Hi Chris, nice to see you here!

> We have two data centers each with over a dozen clusters.  Each of these
> clusters are polled by a gmetad that does not store any rrds (only used
> for alerting) and one that writes out rrds & satisfies queries gweb.
> There is also a "grid" gmetad that polls DC1 and DC2's gmetad and writes
> out a copy of RRDs for all data centers at somewhat less granularity.
> This is used instead of federation so when a DC goes down we still have
> access to it's metrics so we can figure out what happened.  I believe
> this is called "non-scalable" mode or something like that.
> Each "grid" gmetad is also forwarding all of it's metrics to a graphite
> instance.  Between the two DCs we currently have about 620k metrics.
> Our primary problems are around gmetad hanging and no longer polling a
> cluster, and gaps in graphs (particularly by the time the metrics get to
> graphite).  Since the gaps show up on large monitors with dashboards
> they cause a lot of complaints.

This sounds slightly different from our problem, but after having read
more of the email and responding through it, I am confident that these
changes will help with your problems as well. (But you will need to
use rrdcached.)

> On 12/06/2013 03:36 PM, Vladimir Vuksan wrote:
>> The Ganglia core is comprised of two daemons, `gmond` and `gmetad`. `Gmond` 
>> is
>> primarily responsible for sending and receiving metrics; `gmetad` carries the
>> hefty task of summarizing / aggregating the information, writing the metrics
>> information to graphing utilities (such as RRD), and reporting summary 
>> metrics
>> to the web front-end. Due to growth some metrics were never updating, and
>> front-end response time was abysmal. These issues are tied directly to 
>> `gmetad`.
> Were these failures totally random or grouped in some way?  (Same
> cluster, type, etc).

They weren't random, from what I saw. Larger clusters with more
metrics simply took longer to generate metrics for than our polling
period (which is rather short). I'm not sure whether that resulted in
gmetad always thinking the cluster was down or what, but effectively,
the summary rrds never got updated for these hosts. I never drilled
down to see whether this affected other RRDs than summary ones but I
suspect it did.

We were polling every 10 seconds, and it was taking over 2 minutes to
finish parsing the XML (which includes writing the RRDs). With my
changes, the 10 second poll is feasible.

>> In our Ganglia setup, we run a `gmond` to collect data for every machine and
>> several `gmetad` processes:
>>    * An interactive `gmetad` process is responsible solely for reporting 
>> summary
>> statistics to the web interface.
>>    * Another `gmetad` process is responsible for writing graphs.
> Are these two gmetad process co-located on the same server?  I think
> this is an interesting option that I at least was not aware of.

They are indeed.

> Did you go with this setup to alleviate the problems described above or
> for other reasons?

I'll let Vlad speak to that, but I imagine that it helps significantly
given the poor concurrency properties of the current hash table

>> Initially, I spent a large amount of time using the `perf` utility to 
>> attempt to
>> find the bottleneck in the interactive `gmetad` service. I found that the 
>> hash
>> table implementation in `gmetad` leaves a lot to be desired: apart from very
>> poor behavior in the face of concurrency, it also is the wrong datastructure 
>> to
>> use for this purpose. Unfortunately, fixing this would require rewriting 
>> large
>> swaths of Ganglia, so this was punted. Instead, Vlad suggested we simply 
>> reduce
>> the number of summarized metrics by explicitly stating which metrics are 
>> summarized.
> I strongly suspect a lot of blame should fall on the hash table.  I
> think it's likely the cause of the hangs we have observed in
> https://github.com/ganglia/monitor-core/issues/47 and Daniel Pocock has
> seen problems with it as far back as 2009.

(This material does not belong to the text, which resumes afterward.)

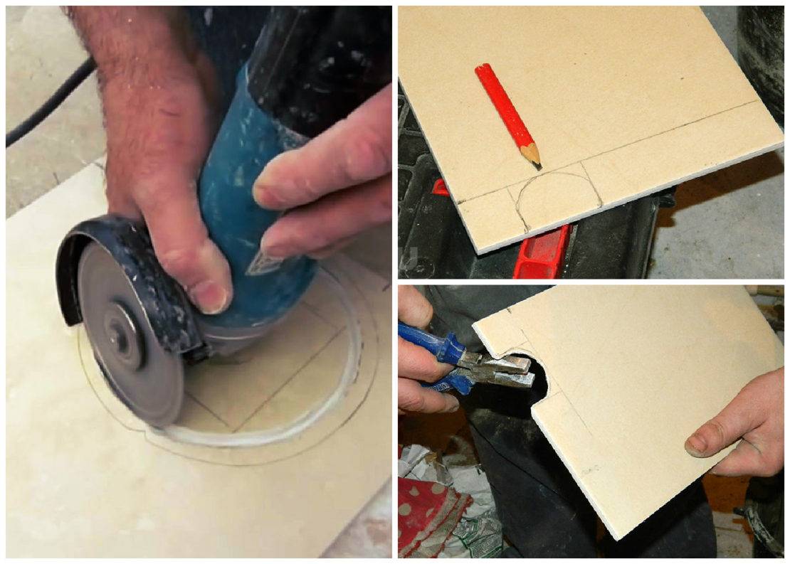 Предварительно на плите размечается форма выреза. Это может быть угол или даже округлость для установки плитки в месте выступа стены или выхода трубы. После этого либо на электрическом станке аккуратно и частями вырезают все лишнее, либо используют щипцы.
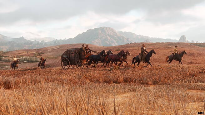 プレイ可能な主人公のアーサー・モーガンは、実際にはダッチのギャングのメンバーであり、人々が以前に推測していたように、ジョン・マーストンとしてプレイすることはありません.予告編ではギャングの話が非常に強調されており、列車強盗と従来の弓矢を使った狩猟が行われているのを見ることができます.

Most of the user CPU time is indeed spent in the hash table, but most
of the CPU time in general ends up being spent writing RRDs. This is
due to filesystem locking in the kernel generated by the stat(2) calls
every time we want to write an RRD, as well as the poor performance of
straight librrd. (But I'll get to that in a minute in the rrdcached

> Most of my experience is with python and java which have fancy abstract
> base classes, collection hierarchies, and whatnot.  Even  though a hash
> table does not have the best properties, wouldn't it be relativity easy
> to drop in a better one?

Yes, this is something I intend to do soon. I'm not sure what kind of
portability targets are required for gmetad; I was intending to build
one on top of Concurrency Kit's excellent hash set.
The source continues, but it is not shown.